**Exercise**. Starting at the line containing "व्याजदर परिवर्तन सम्बन्धि सुचना" and ending at the line containing "- 5 鍋底から5cm程の高さまで揚げ油を注ぎ、180℃に温め、4を生地がふくらんできつね色になるまで揚げます。", print every line of the material below exactly, both ends included, and stop there.

**Supplied material**.

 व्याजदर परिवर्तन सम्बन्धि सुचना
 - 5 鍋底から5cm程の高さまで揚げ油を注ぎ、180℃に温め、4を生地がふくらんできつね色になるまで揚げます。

---

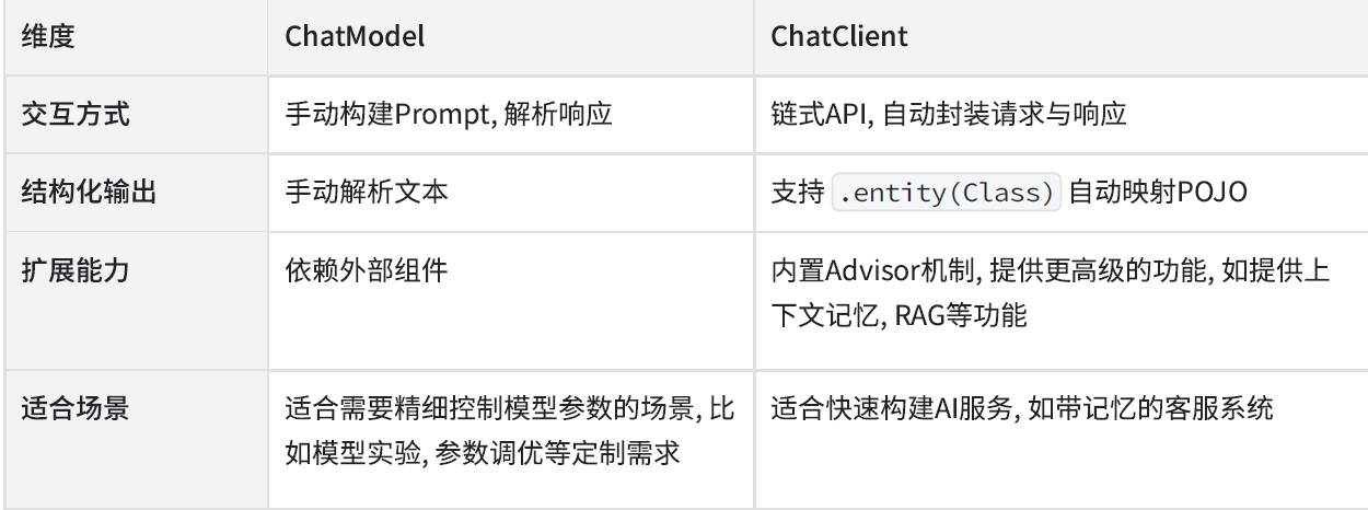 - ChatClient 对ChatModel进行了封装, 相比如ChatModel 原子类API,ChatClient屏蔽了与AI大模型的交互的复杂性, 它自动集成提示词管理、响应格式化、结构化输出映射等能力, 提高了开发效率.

**Solution for this problem**.
 व्याजदर परिवर्तन सम्बन्धि सुचना
 - 5 鍋底から5cm程の高さまで揚げ油を注ぎ、180℃に温め、4を生地がふくらんできつね色になるまで揚げます。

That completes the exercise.